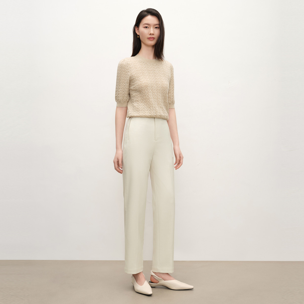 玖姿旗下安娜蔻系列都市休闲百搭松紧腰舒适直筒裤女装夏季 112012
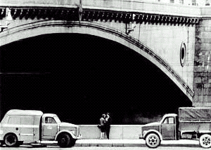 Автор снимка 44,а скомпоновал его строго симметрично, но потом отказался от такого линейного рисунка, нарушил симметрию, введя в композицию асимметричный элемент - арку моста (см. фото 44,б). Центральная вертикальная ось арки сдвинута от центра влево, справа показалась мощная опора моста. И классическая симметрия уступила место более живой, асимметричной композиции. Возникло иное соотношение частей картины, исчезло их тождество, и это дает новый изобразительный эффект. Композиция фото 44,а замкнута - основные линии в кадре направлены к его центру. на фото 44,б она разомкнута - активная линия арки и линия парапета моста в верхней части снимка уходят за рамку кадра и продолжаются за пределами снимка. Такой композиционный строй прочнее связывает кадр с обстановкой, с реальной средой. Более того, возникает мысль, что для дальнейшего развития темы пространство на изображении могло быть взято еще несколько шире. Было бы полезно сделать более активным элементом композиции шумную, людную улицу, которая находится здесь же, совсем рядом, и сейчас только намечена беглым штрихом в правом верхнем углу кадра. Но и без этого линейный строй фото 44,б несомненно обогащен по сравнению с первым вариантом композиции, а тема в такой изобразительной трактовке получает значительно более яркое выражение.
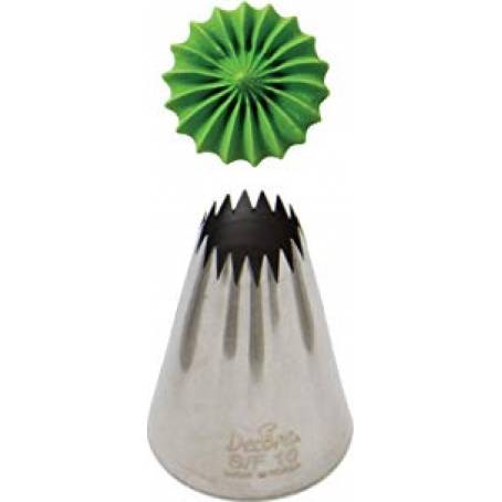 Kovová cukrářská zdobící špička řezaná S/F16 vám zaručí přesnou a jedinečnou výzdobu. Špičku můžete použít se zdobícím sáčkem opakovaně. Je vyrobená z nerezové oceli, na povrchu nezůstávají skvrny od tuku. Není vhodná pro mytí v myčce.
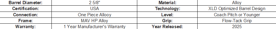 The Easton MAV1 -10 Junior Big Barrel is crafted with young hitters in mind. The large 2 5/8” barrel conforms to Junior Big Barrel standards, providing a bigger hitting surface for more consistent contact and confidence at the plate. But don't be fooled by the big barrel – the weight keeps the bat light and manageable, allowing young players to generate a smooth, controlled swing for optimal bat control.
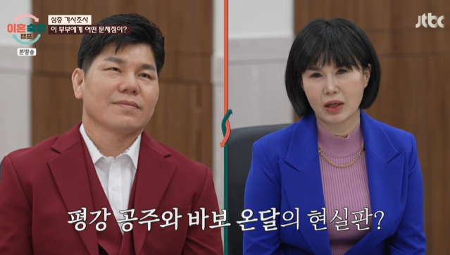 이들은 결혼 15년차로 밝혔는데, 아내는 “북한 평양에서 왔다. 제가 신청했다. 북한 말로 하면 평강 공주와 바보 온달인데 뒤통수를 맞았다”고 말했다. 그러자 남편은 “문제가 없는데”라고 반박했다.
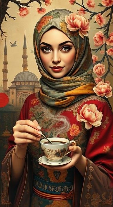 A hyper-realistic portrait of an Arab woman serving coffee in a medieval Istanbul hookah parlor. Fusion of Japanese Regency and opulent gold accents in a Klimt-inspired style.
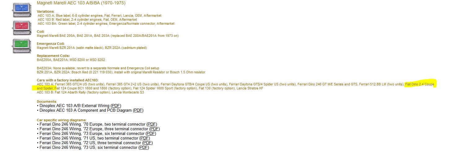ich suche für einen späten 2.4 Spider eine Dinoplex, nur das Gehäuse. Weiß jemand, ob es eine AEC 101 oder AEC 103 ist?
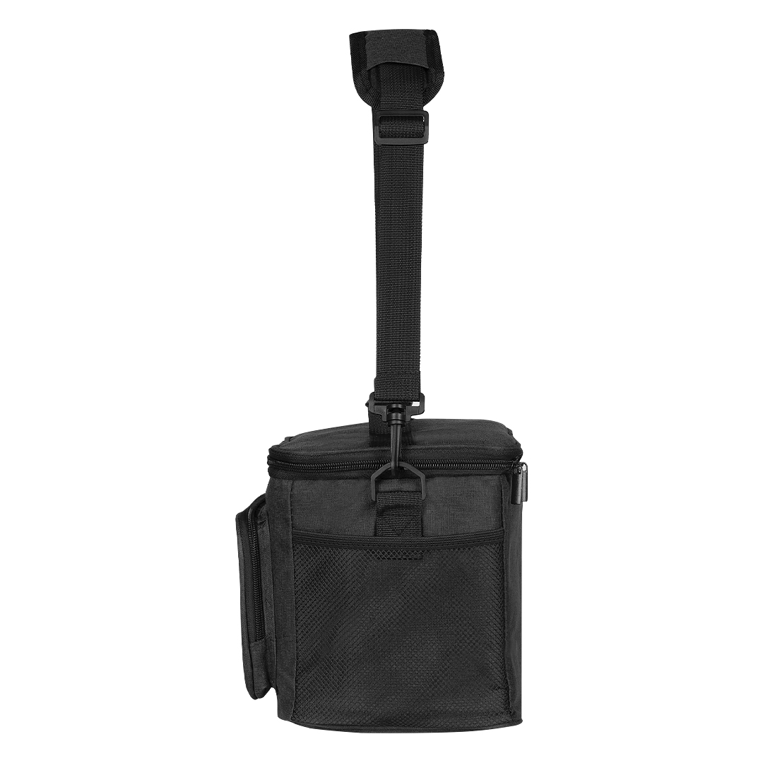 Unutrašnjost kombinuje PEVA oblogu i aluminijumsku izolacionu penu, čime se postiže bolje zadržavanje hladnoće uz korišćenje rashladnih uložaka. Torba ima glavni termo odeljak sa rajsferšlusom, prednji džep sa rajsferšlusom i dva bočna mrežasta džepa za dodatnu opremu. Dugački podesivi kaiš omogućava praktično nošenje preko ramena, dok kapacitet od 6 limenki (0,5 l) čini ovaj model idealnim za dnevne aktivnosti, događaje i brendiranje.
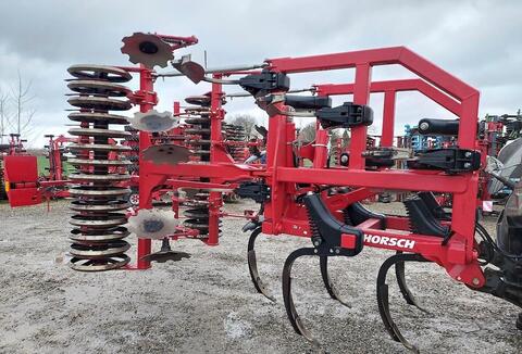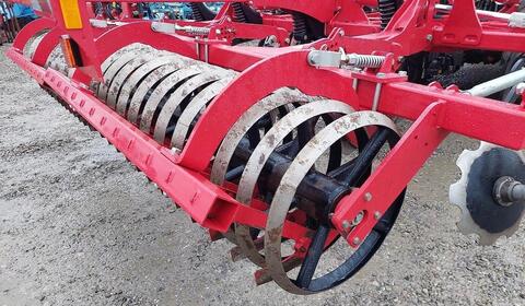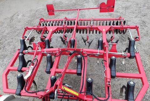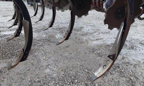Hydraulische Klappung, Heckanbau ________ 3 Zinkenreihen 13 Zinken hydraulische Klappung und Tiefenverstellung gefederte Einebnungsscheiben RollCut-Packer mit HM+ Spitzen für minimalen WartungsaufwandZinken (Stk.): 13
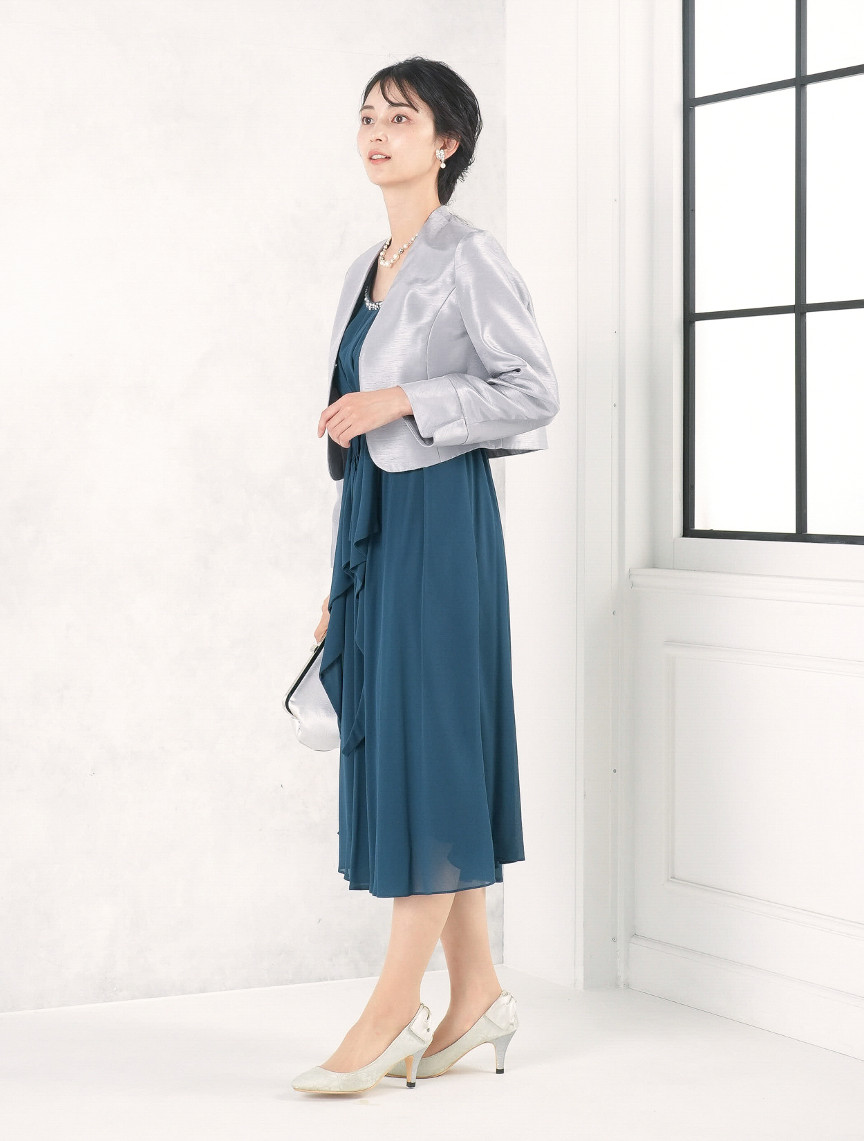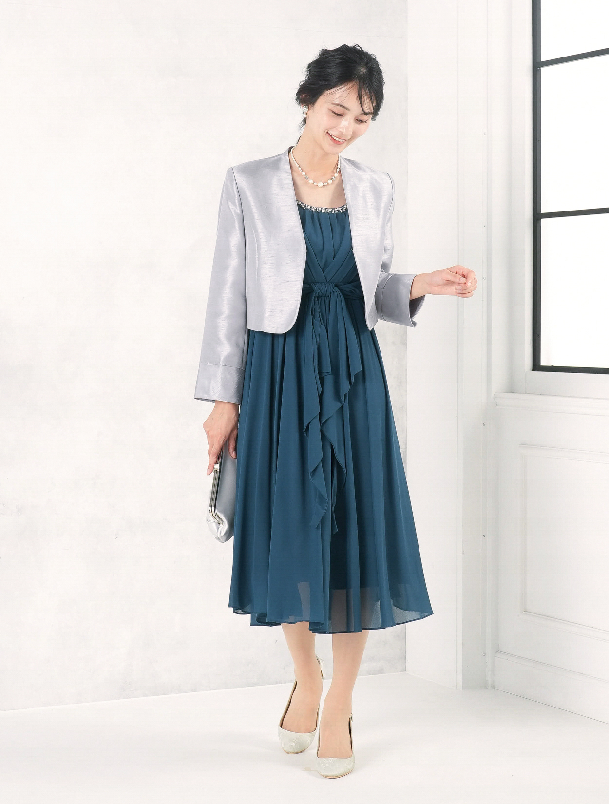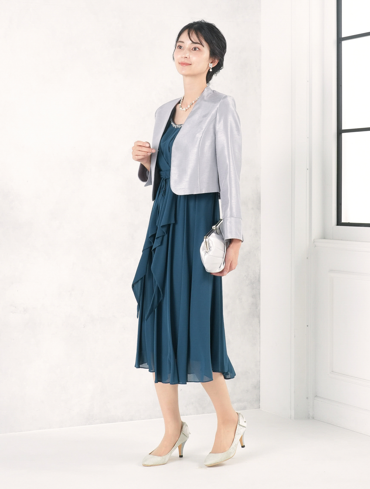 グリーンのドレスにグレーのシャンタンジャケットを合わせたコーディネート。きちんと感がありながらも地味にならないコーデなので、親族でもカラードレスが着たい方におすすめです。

━━━━━━

Leaving the images behind, set down every entry word for word.

 玖姿旗下安娜蔻系列都市休闲百搭松紧腰舒适直筒裤女装夏季 112012
 Автор снимка 44,а скомпоновал его строго симметрично, но потом отказался от такого линейного рисунка, нарушил симметрию, введя в композицию асимметричный элемент - арку моста (см. фото 44,б). Центральная вертикальная ось арки сдвинута от центра влево, справа показалась мощная опора моста. И классическая симметрия уступила место более живой, асимметричной композиции. Возникло иное соотношение частей картины, исчезло их тождество, и это дает новый изобразительный эффект. Композиция фото 44,а замкнута - основные линии в кадре направлены к его центру. на фото 44,б она разомкнута - активная линия арки и линия парапета моста в верхней части снимка уходят за рамку кадра и продолжаются за пределами снимка. Такой композиционный строй прочнее связывает кадр с обстановкой, с реальной средой. Более того, возникает мысль, что для дальнейшего развития темы пространство на изображении могло быть взято еще несколько шире. Было бы полезно сделать более активным элементом композиции шумную, людную улицу, которая находится здесь же, совсем рядом, и сейчас только намечена беглым штрихом в правом верхнем углу кадра. Но и без этого линейный строй фото 44,б несомненно обогащен по сравнению с первым вариантом композиции, а тема в такой изобразительной трактовке получает значительно более яркое выражение.
 Kovová cukrářská zdobící špička řezaná S/F16 vám zaručí přesnou a jedinečnou výzdobu. Špičku můžete použít se zdobícím sáčkem opakovaně. Je vyrobená z nerezové oceli, na povrchu nezůstávají skvrny od tuku. Není vhodná pro mytí v myčce.
 The Easton MAV1 -10 Junior Big Barrel is crafted with young hitters in mind. The large 2 5/8” barrel conforms to Junior Big Barrel standards, providing a bigger hitting surface for more consistent contact and confidence at the plate. But don't be fooled by the big barrel – the weight keeps the bat light and manageable, allowing young players to generate a smooth, controlled swing for optimal bat control.
 이들은 결혼 15년차로 밝혔는데, 아내는 “북한 평양에서 왔다. 제가 신청했다. 북한 말로 하면 평강 공주와 바보 온달인데 뒤통수를 맞았다”고 말했다. 그러자 남편은 “문제가 없는데”라고 반박했다.
 A hyper-realistic portrait of an Arab woman serving coffee in a medieval Istanbul hookah parlor. Fusion of Japanese Regency and opulent gold accents in a Klimt-inspired style.
ich suche für einen späten 2.4 Spider eine Dinoplex, nur das Gehäuse. Weiß jemand, ob es eine AEC 101 oder AEC 103 ist?
 Unutrašnjost kombinuje PEVA oblogu i aluminijumsku izolacionu penu, čime se postiže bolje zadržavanje hladnoće uz korišćenje rashladnih uložaka. Torba ima glavni termo odeljak sa rajsferšlusom, prednji džep sa rajsferšlusom i dva bočna mrežasta džepa za dodatnu opremu. Dugački podesivi kaiš omogućava praktično nošenje preko ramena, dok kapacitet od 6 limenki (0,5 l) čini ovaj model idealnim za dnevne aktivnosti, događaje i brendiranje.
Hydraulische Klappung, Heckanbau ________ 3 Zinkenreihen 13 Zinken hydraulische Klappung und Tiefenverstellung gefederte Einebnungsscheiben RollCut-Packer mit HM+ Spitzen für minimalen WartungsaufwandZinken (Stk.): 13
 グリーンのドレスにグレーのシャンタンジャケットを合わせたコーディネート。きちんと感がありながらも地味にならないコーデなので、親族でもカラードレスが着たい方におすすめです。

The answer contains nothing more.